Similar results were found in a previous study: Ikezoe et al. (2011) found that muscle thickness, measured by ultrasound, decreases with aging based on the type of muscle, and that life-space assessment (LSA) correlates only with the Soleus muscle [40]. Reimers et al. (2012) demonstrated the impact of aging and athletic activity on a large, mixed cohort. They found that in athletes, calf thickness remained stable with age, although fat content increased. However, in non-athletic males, the thickness of the Gastrocnemius and Soleus muscles decreased significantly—by 16% between the ages of 20 and 70—while the Tibialis muscle showed only a 7% reduction [41]. On the other hand, Trappe et al. (1996) reported that elite distance runners and lesser trained/untrained subjects have the same calf cross-sectional area [42]. In addition, Klitgaard et al. (1990) found that elderly swimmers and runners had similar calf cross-sectional areas compared to an age-matched less active control group [43].

Exercise plays a crucial role in the prevention and management of sarcopenia. Numerous studies in the literature demonstrate that regular exercise programs, particularly resistance and strength training, can significantly reduce the risk of sarcopenia by improving muscle mass, strength, and mobility [44]. However, in low-income countries, where access to fitness facilities and equipment is limited, the challenge lies in implementing sustainable and accessible interventions [45,46,47,48,49,50]. Low-cost solutions, such as bodyweight exercises or home-based programs, have proven effective in promoting muscle health even in resource-limited settings [7,51,52,53]. Simple, safe, and adaptable protocols, such as the Full-Body In-Bed Gym, could serve as valuable strategies to combat sarcopenia and enhance quality of life, particularly in economically vulnerable populations.
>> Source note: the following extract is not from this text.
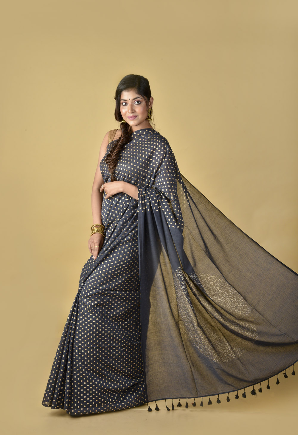 Abstract – Dark Gray & Gold – Hand Block Printed Cotton Saree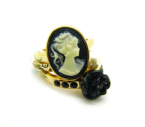Anillo en baño de oro amarillo de 18 quilates , diseño de ovalo con camafeo al centro, detalle de rosas en tono negro y blanco e incrustaciones de cristales negros.

Future research should expand on these results by studying more extensive cohorts and incorporating diverse exercise regimens to validate the benefits of such interventions further [2]. Additionally, the role of quantitative imaging in tracking muscle health warrants further exploration to enhance diagnostic and therapeutic strategies for sarcopenia.

4. Conclusions

CT-based quantitative radiodensitometry is a valuable method for tracking muscle health over time, particularly in aging populations. The Full-Body In-Bed Gym program, designed for home use, showed promising results in maintaining muscle mass and quality, which could contribute to improved quality of life and reduced sarcopenia risk among sedentary older adults. These findings highlight the potential for similar low-cost exercise programs to serve as practical and scalable interventions, benefiting both individual health outcomes and societal healthcare systems. Furthermore, quantitative radiodensitometry paired with 2D and 3D imaging is an excellent way to assess muscle quality and would be useful for diagnoses of muscle pathologies and follow-ups of muscle treatment regimes.